Ensemble

Ensemble mixers together in order to generate predictions

class ensemble.BaseEnsemble(target, mixers, data, fit=True)[source]

Base class for all ensembles.

Ensembles wrap sets of Lightwood mixers, with the objective of generating better predictions based on the output of each mixer.

There are two important methods for any ensemble to work:
  1. __init__() should prepare all mixers and internal ensemble logic.

  2. __call__() applies any aggregation rules to generate final predictions based on the output of each mixer.

Class Attributes: - mixers: List of mixers the ensemble will use. - supports_proba: For classification tasks, whether the ensemble supports yielding per-class scores rather than only returning the predicted label.

NOTE: this ensemble is not functional. Do not use it when generating custom JsonAI objects, as the learning process will fail.

class ensemble.BestOf(target, mixers, data, accuracy_functions, args, ts_analysis=None, fit=True)[source]

This ensemble acts as a mixer selector. After evaluating accuracy for all internal mixers with the validation data, it sets the best mixer as the underlying model.

class ensemble.Embedder(target, mixers, data)[source]

This ensemble acts as a simple embedder that bypasses all mixers. When called, it will return the encoded representation of the data stored in (or generated by) an EncodedDs object.

class ensemble.IdentityEnsemble(target, mixers, data, args)[source]

This ensemble performs no aggregation.

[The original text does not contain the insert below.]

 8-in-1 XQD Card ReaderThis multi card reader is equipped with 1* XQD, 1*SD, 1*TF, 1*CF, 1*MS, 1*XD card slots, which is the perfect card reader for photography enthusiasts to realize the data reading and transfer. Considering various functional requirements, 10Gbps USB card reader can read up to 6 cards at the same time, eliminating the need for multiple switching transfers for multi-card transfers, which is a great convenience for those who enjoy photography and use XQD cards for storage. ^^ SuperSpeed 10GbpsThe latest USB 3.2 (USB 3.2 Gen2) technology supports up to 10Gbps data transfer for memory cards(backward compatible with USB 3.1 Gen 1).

User can define an “active mixer” and calling the ensemble will call said mixer.

Ideal for use cases with single mixers where (potentially expensive) evaluation runs are done internally, as in BestOf.

class ensemble.MeanEnsemble(target, mixers, data, dtype_dict, fit=True, **kwargs)[source]

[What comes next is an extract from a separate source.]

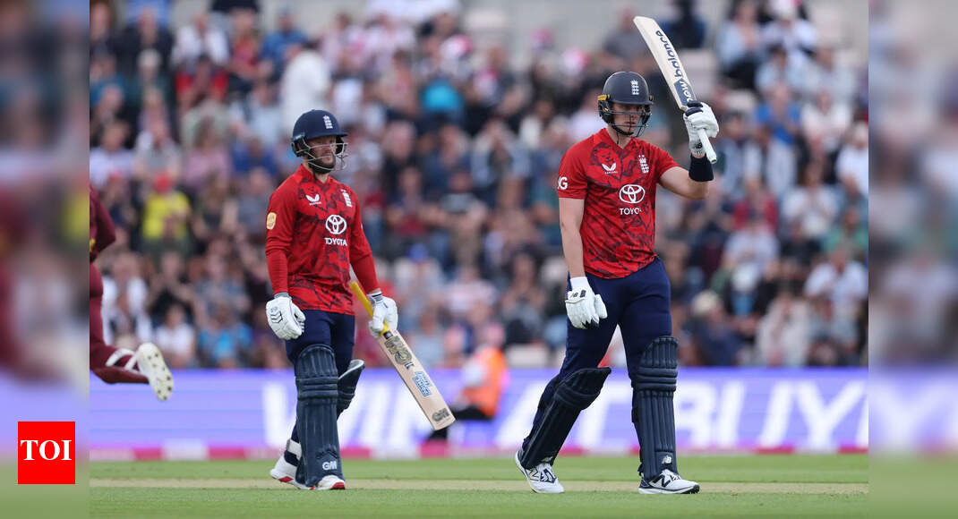 Jamie Smith (R) of England raises his bat after reaching his fifty as Ben Duckett looks on. (Photo by Michael…

When called, this ensemble will return the mean prediction from the entire list of underlying mixers.

NOTE: can only be used in regression tasks.

class ensemble.ModeEnsemble(target, mixers, data, dtype_dict, accuracy_functions, args, ts_analysis=None, fit=True, **kwargs)[source]

When called, this ensemble will return the mode prediction from the entire list of underlying mixers.

If there are multiple modes, the mode whose voting mixers have the highest score will be returned.

NOTE: can only be used in categorical tasks.

class ensemble.StackedEnsemble(target, mixers, data, dtype_dict, args, fit=True, **kwargs)[source]

This ensemble will learn an optimal weight vector via Stochastic Gradient Descent on the validation dataset and the respective mixer predictions.

Starting weights for the vector are uniformly set.

Note this mixer is still in experimental phase. Some features in the roadmap are:
  • support for handling faulty mixers

  • support for custom initial vector weights

  • early stopping

  • arbitrarily complex secondary model

class ensemble.TsStackedEnsemble(target, mixers, data, dtype_dict, ts_analysis, args, fit=True, **kwargs)[source]

Thin wrapper for StackedEnsemble that enables forecasting support.

class ensemble.WeightedMeanEnsemble(target, mixers, data, args, dtype_dict, accuracy_functions, ts_analysis=None, fit=True, **kwargs)[source]

This ensemble determines a weight vector to return a weighted mean of the underlying mixers.

More specifically, each model is evaluated on the validation dataset and assigned an accuracy score (as per the fixed accuracy function at the JsonAI level).

Afterwards, all the scores are softmaxed to obtain the final weights.

Note: this ensemble only supports regression tasks.